TASK GOAL:
When you write out the listing, keep each word exactly as it stands but include none of its images.

######

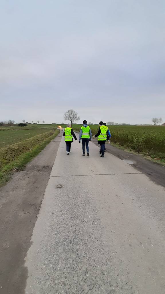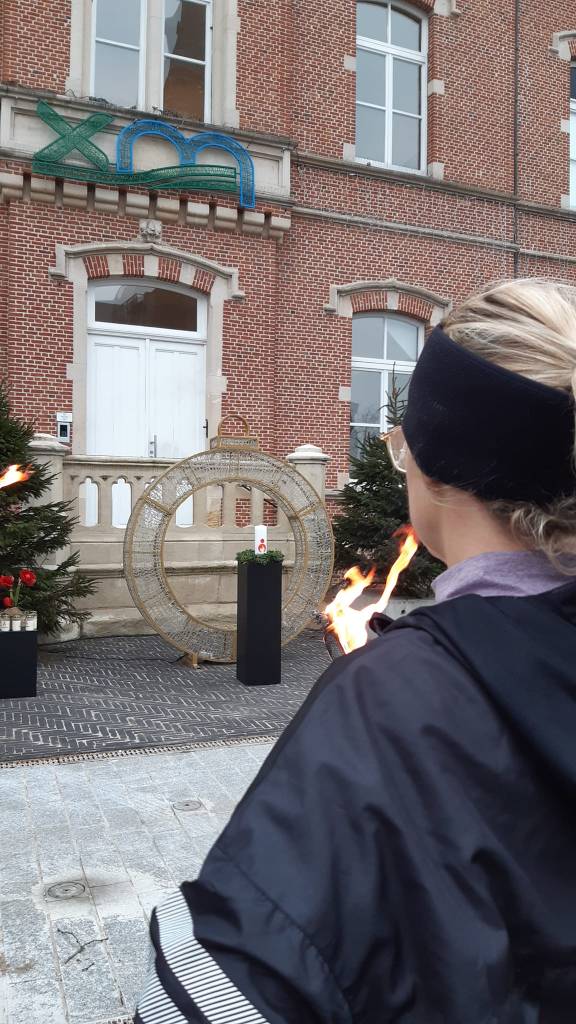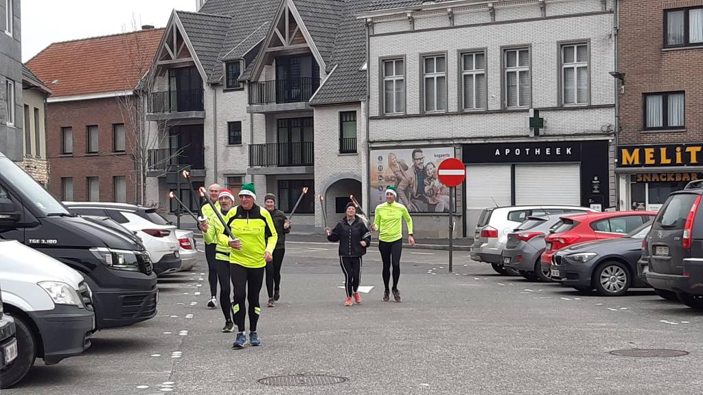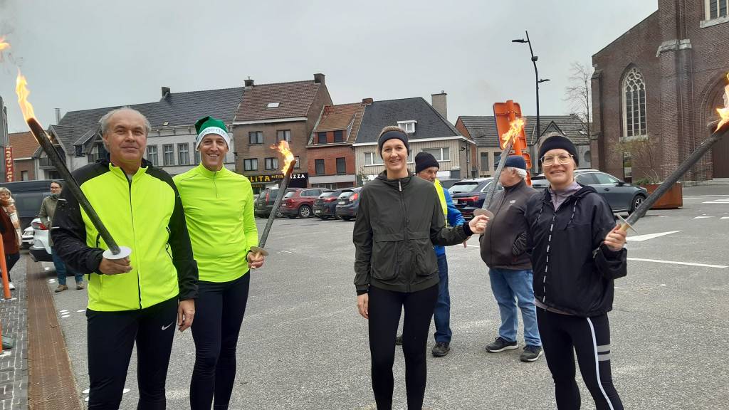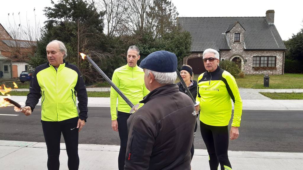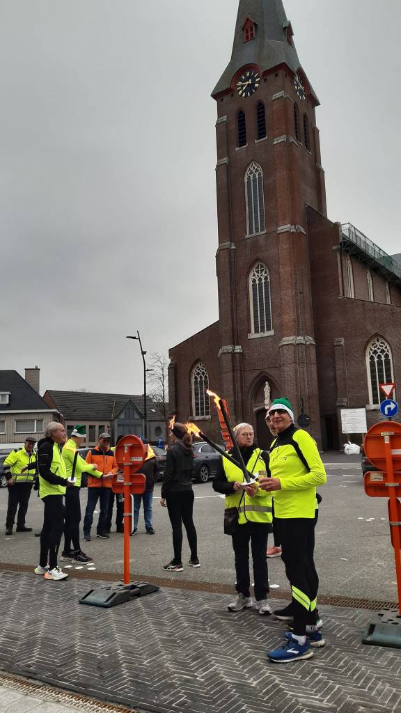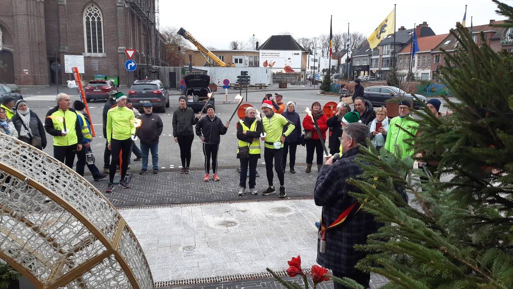 Een delegatie lopers vertrok vanuit Nazareth, via Lozer, naar het gemeentehuis van Kruishoutem. Van daaruit vertrokken een aantal wandelaars, samen met Pasar, naar de kerk van Nokere.
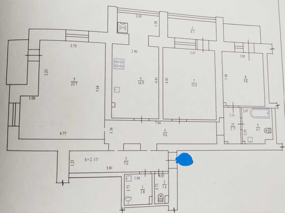 Загальна площа квартири 100 м2, кухня 17 м2
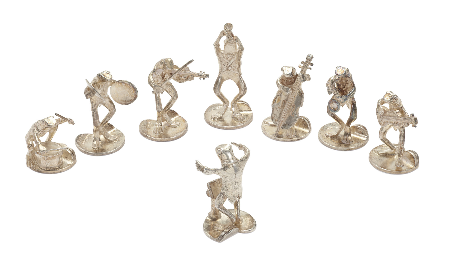 A set of eight silver novelty menu holders
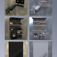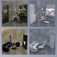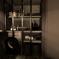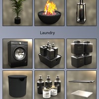 8 Scene presets are loading the whole set or just a part of it in place, and 46 zeroed props allow you to set up new scenes or different arrangements of the living room, the laundry, the toilet, or the firepit.
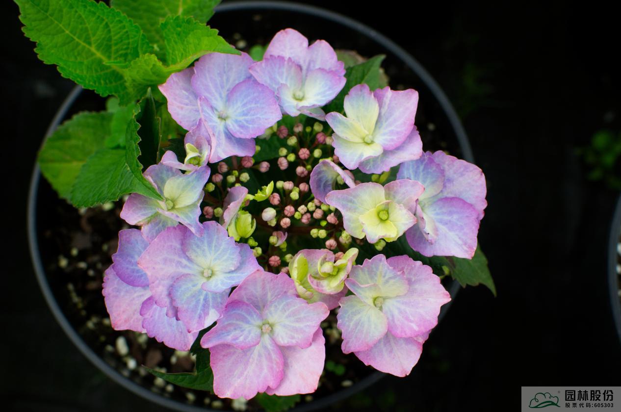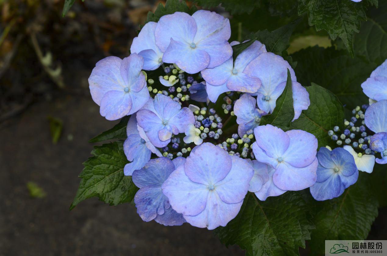 大葉繡球品種間雜交品種;葉片卵形,中綠色;盤狀花,萼片(花瓣)巨大,花色為深紫粉色至鮮紫藍(lán)色,添加調(diào)藍(lán)劑時(shí)可變?yōu)樯钭纤{(lán)色?;ㄩ_時(shí),宛如一只只蝴蝶在枝頭翩躚,靈動(dòng)多姿。杭州5月上旬開花,可延續(xù)至6月下旬。

######

TASK OUTPUT:
 Een delegatie lopers vertrok vanuit Nazareth, via Lozer, naar het gemeentehuis van Kruishoutem. Van daaruit vertrokken een aantal wandelaars, samen met Pasar, naar de kerk van Nokere.
 Загальна площа квартири 100 м2, кухня 17 м2
 A set of eight silver novelty menu holders
 8 Scene presets are loading the whole set or just a part of it in place, and 46 zeroed props allow you to set up new scenes or different arrangements of the living room, the laundry, the toilet, or the firepit.
 大葉繡球品種間雜交品種;葉片卵形,中綠色;盤狀花,萼片(花瓣)巨大,花色為深紫粉色至鮮紫藍(lán)色,添加調(diào)藍(lán)劑時(shí)可變?yōu)樯钭纤{(lán)色?;ㄩ_時(shí),宛如一只只蝴蝶在枝頭翩躚,靈動(dòng)多姿。杭州5月上旬開花,可延續(xù)至6月下旬。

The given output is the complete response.